Hi,

I am sorry for a basic question; I am a wet lab biologist trying to perform RNA-Seq with only limited experience. I hope this kind community can help me with some guidance.

I have two plant species that I want to look at their response to an insect.There is a reference genome (with an annotation) for one of the species. I mapped reads of the second species to the genome of the first one using HISAT2. I found ca. 65% map uniquely to the genome with only 2% mapped >1 location (76.76% overall alignment rate).

I would like to generate a master set of transcripts for differential expression analysis of both species. With the decent mapping rate, I am confused whether it is OK to perform de novo assembly of the unmapped reads and annexing them as transcripts specific for the second species? Alternatively, I can try with genome-guided assembly of the second species using its raw reads and later find ortholog groups with the first species. If I go this route, I am just afraid that some of the annotate genes from the first species may be clustered into the same homolog groups and will interfere with differential expression analysis.

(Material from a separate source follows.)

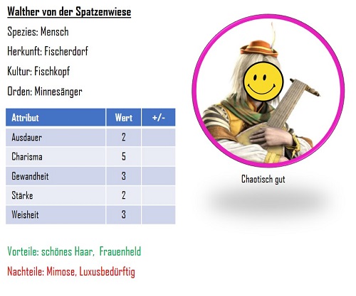 Hier schonmal die Heldenbögen von Steffi & Micha zur Vorlage für Ina (alle: gute Ideen willkommen!)

Thanks in advance for all comments!

I would look into the concept called transcript integrity (TIN) to evaluate how well do the reads conform to the transcripts across both species, if the TIN numbers look good and most transcripts are covered you could get meaningful results without assembling anything.

You can compute TIN with the tool called tin.py of the rseqc package

http://rseqc.sourceforge.net/

More on transcript integrity here:

https://bmcbioinformatics.biomedcentral.com/articles/10.1186/s12859-016-0922-z

Assembling the unmapped reads does not sound like a good idea, if you wish to assemble transcripts I would recommend using all the data then figure out which transcripts are novel rather than taking the unmapped reads alone.